On Friday, President Trump signed an executive order seeking a review of an Obama-era rule that would have forced financial professionals to act in customers’ best interest when giving them advice about their retirement accounts.

The so-called fiduciary rule has been the subject of years of intense debate and industry lobbying and was set to take effect in April. But the rule is likely to disappear, given that Gary Cohn, the former Goldman Sachs executive who is now the director of the National Economic Council, told The Wall Street Journal that he wanted it gone.

Wait, what? My investment professional doesn’t have to act in my best interests already?

Not necessarily. The technical terminology gets confusing, but a financial planner or investment adviser in a stand-alone firm may be required to act in your best interest or may pledge to in all instances.

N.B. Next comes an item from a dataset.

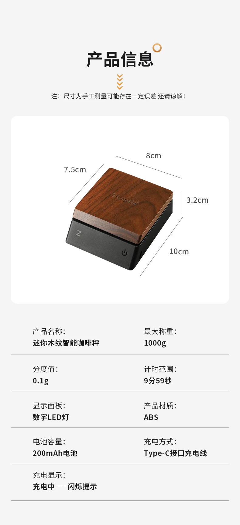 - Cân điện tử cà phê Mongdio, cân hạt cà phê, cân điện tử đặc biệt dành cho pha cà phê thủ công kiểu Ý, thiết bị hẹn giờ mini cầm tay
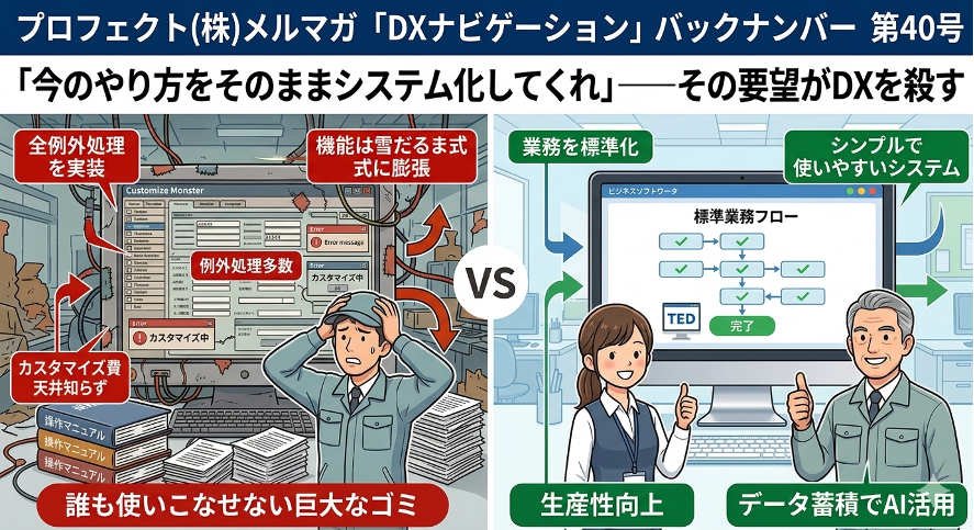 プロフェクト(株)メルマガ 「DXナビゲーション」バックナンバー:第40号「今のやり方をそのままシステム化してくれ」――その要望がDXを殺す

But some stockbrokers and many people who sell life insurance, annuities and other more esoteric investment products merely have to follow what’s known as the “suitability” standard.

That leaves lots of room for shenanigans.

What was the Trump administration’s problem with the rule?

Apparently, freedom of choice was paramount, including the ability to invest your life savings in a way that is indisputably risky or even harmful. “This is like putting only health food on the menu, because unhealthy food tastes good. But you still shouldn’t eat it because you might die younger,” Mr. Cohn told The Journal.